Nov 6, 2013; Minneapolis, MN, USA; Golden State Warriors power forward Marreese Speights (5) celebrates after making a buzzer beating shot in the third quarter against the Minnesota Timberwolves at Target Center. The Warriors won 106-93. Mandatory Credit: Jesse Johnson-USA TODAY Sports

Golden State Warriors Offense: By the Numbers

For the Golden State Warriors, one of their biggest problems on offense is that the game of basketball is played with only one ball.

Superstar point Stephen Curry needs more touches. Even though we’re still less than ten games into the 2013-14 NBA season and Stephen Curry has already missed time as well as set out multiple fourth quarters in blowout wins, Curry needs to get more touches. He is averaging only 63 total touches per game. By comparison, Los Angeles Clippers point guard Chris Paul is averaging an astonishing 104.9 touches per game.

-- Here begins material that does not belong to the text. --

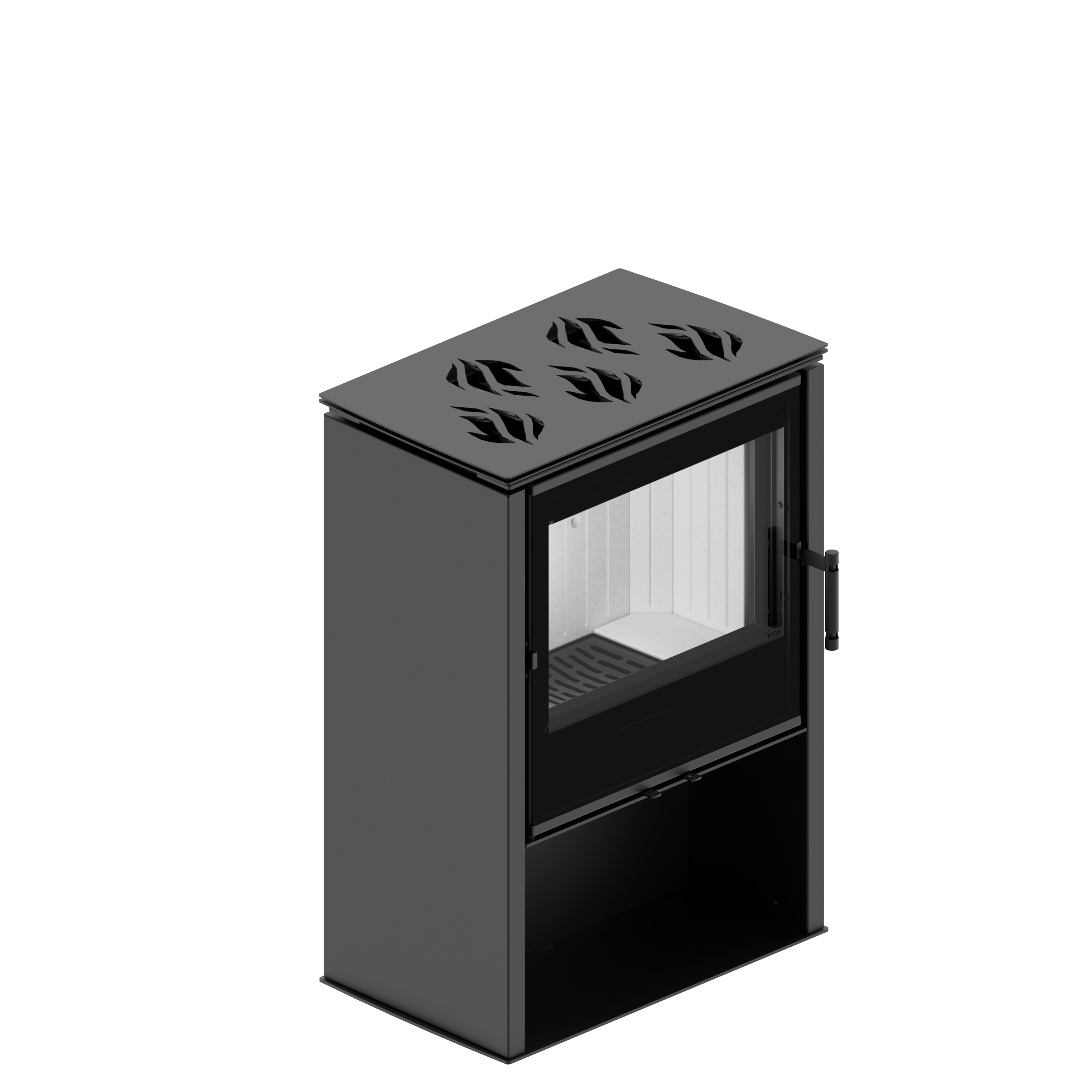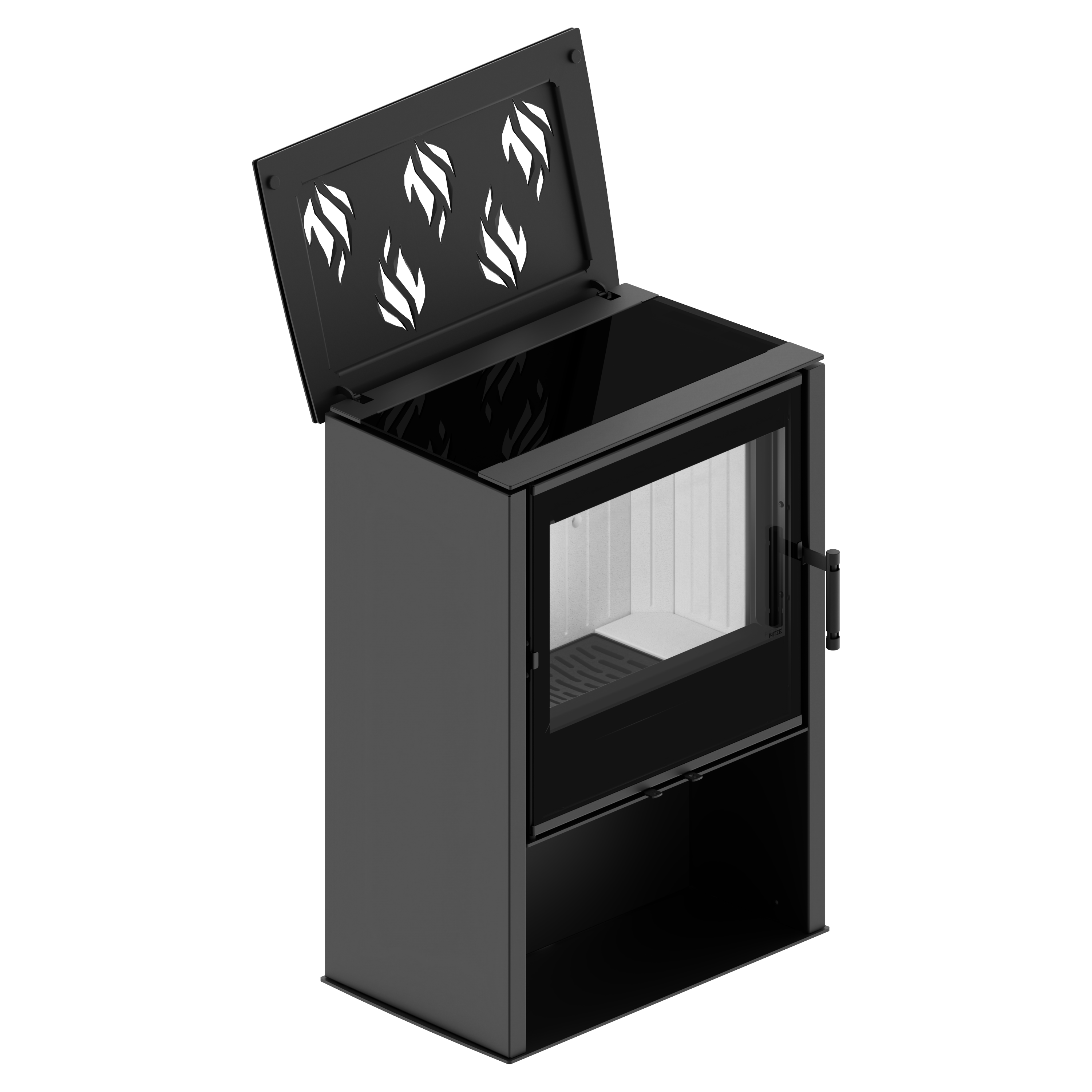Zastosowanie wytrzymałego, żeliwnego rusztu gwarantuje długą żywotność. Bezpośrednio pod rusztem znajduje się łatwo demontowalny popielnik charakteryzujący się ponadprzeciętną objętością. Konstrukcja kominka wolnostojącego LUPO M umożliwia montaż wylotu spalin z górnej ściany.

Curry is averaging only 42.9 passes per game, which ranks behind centers Houston Rockets center Dwight Howard and Cleveland Cavaliers center Anderson Varjeao as well as less than Indiana Pacers power forward David West. Curry, though, is shooting the ball very efficiently. He is averaging 12.7 pull-up jumper points per game which is by far the highest average in the entire league. By running offensive plays like this, Curry is sure to accumulate both pull-up jumper points and passes per possession:

David Lee also needs to get more involved on offense. It seems that a lot of media attention has gone to the play of Andre Iguodala and not David Lee. Rightfully so, as Iguodala is the Warriors high priced free agent aquistion. But Lee is off to another good start to his 2013-14 season. Lee is averaging 18.0 points per game with 9.4 rebounds, both just slightly below his average from last season.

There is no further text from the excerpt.